Rouge's young, laughing face invaded my memory. I fell asleep while she was telling stories the night Kagura and I acted as her guards. She was in the middle of telling some drunken tale of debauchery and demonic mischief from when she and her companions visited a wealthy town and were mistaken as elemental gods and goddess. The townspeople offered them the finest food and drinks available. Rouge's sister, Ami, found them and put a fast stop to their nonsense; the elder demon had apparently berated them all and comically beaten them up for taking advantage of the villagers.

At least she got to live a little, I suppose.

But it still was not fair.

Rouge confessed she dreamed of travel, maybe even leaving the country one day. Her plan with Yokama was to start a new clan in another region, or on another continent. I too dreamed of travel. But my dream had already come true to an extent. I got to travel and embark on many adventures with my friends. As a child, these adventures were fairytales I dreamed of and longed for; never in my wildest dreams would I ever think I would live them out… and they usually turned out to be nightmares in real life.

"Sango," Kagura said my name softly. She held me close, her arms wrapped protectively around my middle. I felt so weak and vulnerable, crying over a dead demon, finding solace in the arms of the wind sorceress who was formerly my enemy. In the middle of Naraku's deadened courtyard…

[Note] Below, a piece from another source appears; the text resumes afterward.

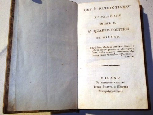 Cos'è patriottismo? UNITO A: Apologia al quadro politico di Milano di Mel.[chiorre] G.[ioja]. Appendice di Mel.[chiorre] G.[ioja]. al quadro politico di Milano.

Rouge got to live out every little girl's adolescent whims of falling for a handsome young man, at least. I still failed to fully comprehend the aging of demons and "yokai years" versus "human years". Anecdotally from Kagura's limited knowledge and Inuyasha and Shippo's failed attempts to explain to Miroku, Kagome, and I, I estimated that ten human years was a rough approximation to one demon life year. Kagura said Rouge was "only" one-hundred forty-three; this put her just beyond fourteen years old if she were human.

She was so young.

But she at least got to live a little.

I reminded myself of the sentiment again. My thoughts circled back to conversations with Kagome and the relative safety of the future from which she came. Even I could still barely be considered a child in Kagome's future time, in most parts of the world.

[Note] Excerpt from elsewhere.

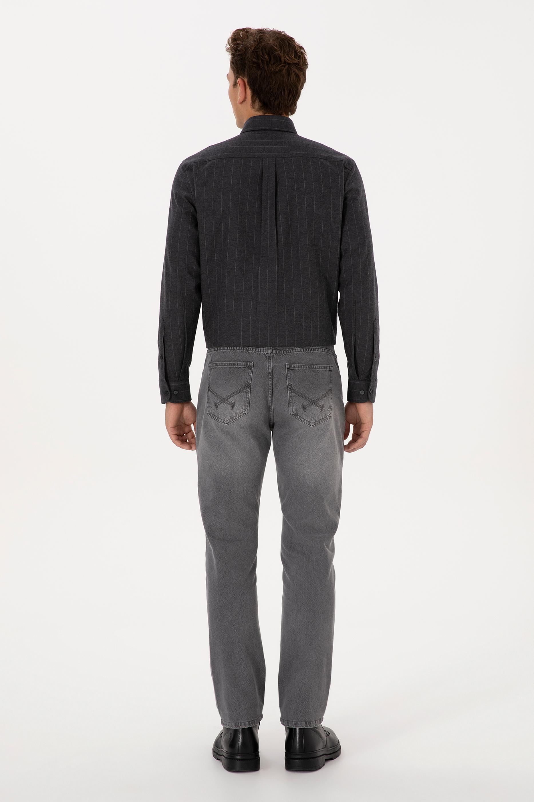 Erkek Gri Straight Fit Jean Pantolon

We were really all just some unfortunate kids, maybe.

But I think it goes beyond that. We were all unfortunate kids forced to grow up too soon. I had not really felt like a child since before I joined the ranks of the demon slayers. It was always training and discipline; protect my brother, protect myself, make my family proud.

What a piss poor excuse of pride I had grown into.

I was able to push away my own thoughts of self-loathing and failure; they were only replaced, however, by the muddy grave and rain-washed sword before me.

If there was a heaven, I hoped Rouge was beginning her ascent. But I did not feel confident enough in my several flirtations with death that there was such a thing. The metaphorical demons below and the harsh memories that no doubt marked Rouge's soul—just as mine had been marked, I'd feared—probably kept her down; she would stay in the dirt, where she belonged. (Where I belonged…).

They're cutting your wings off…

I remembered Rouge's body falling from the rooftop, dead and cold, but free from Naraku's grasp.

Maybe I could have done something…

The young demon's smile pervaded my memory.

Maybe I could have made a difference…

I grabbed Kagura's hands and held them tightly. She could be the difference I've made, I suppose… and Kohaku… my brother was free, at least.

I dreaded what was to become of us, though. Kagura and I, that is.

We had nowhere to run to, nowhere to hide. It was only a matter of time.